Multiple program milestones anticipated over the next 12 months
AVR-RD-01 in Fabry disease:
- Two additional patients have been dosed in the FAB-GT trial since June 2021.
- AVROBIO intends to amend the FAB-GT Phase 2 trial protocol in August 2021 to include female participants and eliminate the antibody status exclusion as well as collect additional central nervous system (CNS) and cardiovascular data.
- Company plans to engage the U.S. Food and Drug Administration (FDA) to discuss a revised regulatory approach with the goal of initiating a registration trial in mid-2022.
- AVROBIO expects to present updated safety and tolerability data on all nine FAB-GT Phase 2 patients dosed to date in the fourth quarter of 2021 and updated efficacy and durability data for all dosed patients at the 18th Annual WORLDSymposium in February 2022.
AVR-RD-04 in cystinosis:
- FDA granted Fast Track Designation for AVR-RD-04 and cleared the Investigational New Drug (IND) application for the AVROBIO long-term follow up trial for patients dosed in the investigator-sponsored Phase 1/2 clinical trial1 of AVR-RD-04 (CTNS-RD-04) led by our collaboration partner at University of California San Diego (UCSD).
- Stephanie Cherqui, Ph.D., principal investigator of the investigator-sponsored Phase 1/2 clinical study, provided an update on the patients dosed to date in the Phase 1/2 trial at the virtual 24th Annual Meeting of the American Society of Gene & Cell Therapy (ASGCT), May 11-14, 2021.
- AVROBIO expects to provide a clinical and regulatory update in the first quarter of 2022 and is planning to initiate a company-sponsored clinical trial in the second half of 2022, which it believes could potentially serve as a registration trial, subject to regulatory clearance.
Gaucher disease programs:
- AVR-RD-02 in Gaucher disease type 1:
- The first patient dosed has completed the 48-week Phase 1/2 Guard1 trial and has enrolled in the long-term follow up trial, where patients will be followed for 14 years after the initial trial period. AVROBIO is currently enrolling additional patients in the Phase 1/2 trial.
- AVROBIO expects to present updated safety data on Patient 1 in the fourth quarter of 2021 and a full program update in the first half of 2022.
- AVR-RD-06 in Gaucher disease type 3:
- AVROBIO plans to engage regulatory agencies to discuss the regulatory strategy for AVR-RD-06, the company’s program for Gaucher disease type 3, a form of Gaucher disease associated with severe neurological symptoms.

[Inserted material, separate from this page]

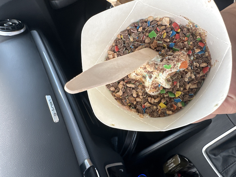 - "A close-up, high-angle image captures a person's hand holding a white paper cup containing a dessert, situated within the interior of an Audi g-tron vehicle" by FM-clbjN2, licensed under CC BY 4.0

- The company is planning to initiate a potential registration trial of AVR-RD-06 in patients with Gaucher disease type 3 in the second half of 2022, subject to regulatory clearance.
Second Quarter 2021 Financial Results
AVROBIO reported a net loss of $31.4 million for the second quarter of 2021 as compared to a net loss of $28.8 million for the comparable period in 2020. This increase was driven by increased research and development expenses as well as increased general and administrative expenses.
Research and development expenses were $22.5 million for the second quarter of 2021 as compared to $20.9 million for the comparable period in 2020. This increase was driven by increased program development activities related to the advancement of the company’s pipeline as well as increased personnel-related costs resulting from an increase in employee headcount, which includes the impact of non-cash stock-based compensation.
General and administrative expenses were $8.9 million for the second quarter of 2021 as compared to $8.0 million for the comparable period in 2020. This increase was primarily due to an increase in employee headcount, which includes the impact of non-cash stock-based compensation, which was offset by a decrease in facilities costs, professional fees and legal fees.
As of June 30, 2021, AVROBIO had $226.4 million in cash and cash equivalents, as compared to $259.7 million in cash and cash equivalents as of Dec. 31, 2020. Based on the company’s current operating plan, AVROBIO expects its cash and cash equivalents as of June 30, 2021 will enable the company to fund its operating expenses and capital expenditure requirements into the first quarter of 2023.
About AVROBIO
Our vision is to bring personalized gene therapy to the world. We aim to prevent, halt or reverse disease throughout the body with a single dose of gene therapy designed to drive durable expression of therapeutic protein, even in hard-to-reach tissues and organs including brain, muscle and bone. Our ex vivo lentiviral gene therapy pipeline includes clinical programs in Fabry disease, Gaucher disease type 1 and cystinosis, as well as preclinical programs in Hunter syndrome, Gaucher disease type 3 and Pompe disease. AVROBIO is powered by our industry-leading plato® gene therapy platform, our foundation designed to deliver gene therapy worldwide. We are headquartered in Cambridge, Mass., with an office in Toronto, Ontario. For additional information, visit avrobio.com, and follow us on Twitter and LinkedIn.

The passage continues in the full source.